Dataset section:

________________________

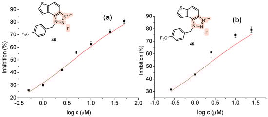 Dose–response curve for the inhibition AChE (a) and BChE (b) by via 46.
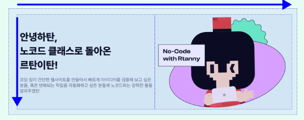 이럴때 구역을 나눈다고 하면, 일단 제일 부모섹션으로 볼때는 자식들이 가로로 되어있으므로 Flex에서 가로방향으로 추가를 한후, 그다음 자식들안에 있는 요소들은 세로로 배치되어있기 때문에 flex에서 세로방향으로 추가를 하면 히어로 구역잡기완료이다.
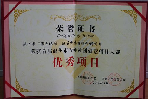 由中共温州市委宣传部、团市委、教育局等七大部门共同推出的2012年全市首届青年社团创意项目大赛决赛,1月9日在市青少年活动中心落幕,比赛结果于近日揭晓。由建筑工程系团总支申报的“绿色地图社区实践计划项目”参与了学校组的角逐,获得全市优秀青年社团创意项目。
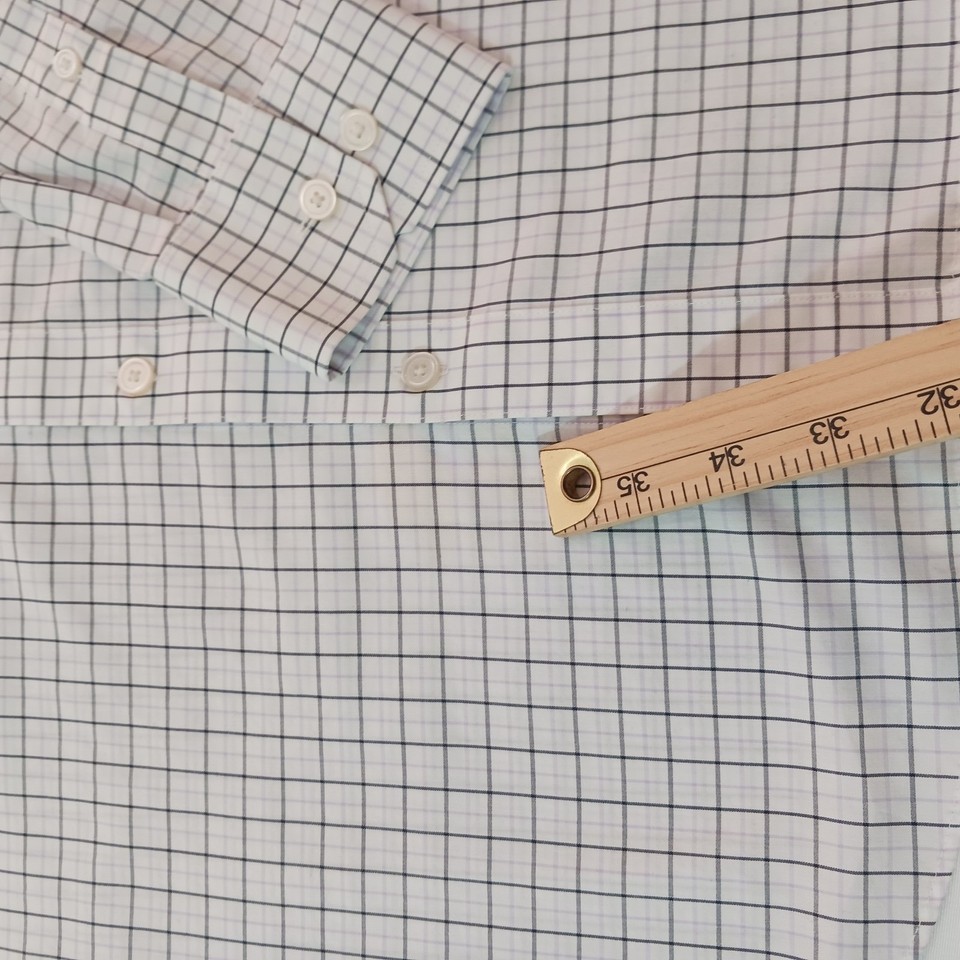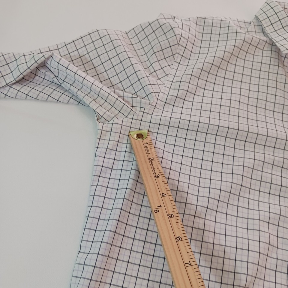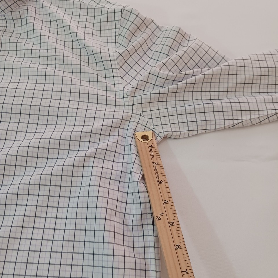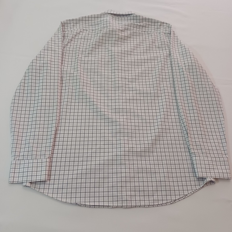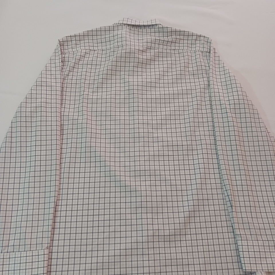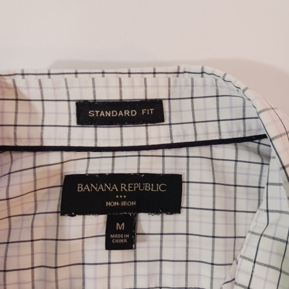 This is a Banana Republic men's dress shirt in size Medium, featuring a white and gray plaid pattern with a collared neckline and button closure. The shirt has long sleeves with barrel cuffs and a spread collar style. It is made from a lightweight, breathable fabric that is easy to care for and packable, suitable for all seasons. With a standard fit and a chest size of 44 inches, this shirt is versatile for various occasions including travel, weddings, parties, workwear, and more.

________________________

Aim of the exercise: Leaving every picture out, write out exactly the lines from the one that holds "由中共温州市委宣传部、团市委" through the end of the listing, both included.

Solution to this task:
 由中共温州市委宣传部、团市委、教育局等七大部门共同推出的2012年全市首届青年社团创意项目大赛决赛,1月9日在市青少年活动中心落幕,比赛结果于近日揭晓。由建筑工程系团总支申报的“绿色地图社区实践计划项目”参与了学校组的角逐,获得全市优秀青年社团创意项目。
 This is a Banana Republic men's dress shirt in size Medium, featuring a white and gray plaid pattern with a collared neckline and button closure. The shirt has long sleeves with barrel cuffs and a spread collar style. It is made from a lightweight, breathable fabric that is easy to care for and packable, suitable for all seasons. With a standard fit and a chest size of 44 inches, this shirt is versatile for various occasions including travel, weddings, parties, workwear, and more.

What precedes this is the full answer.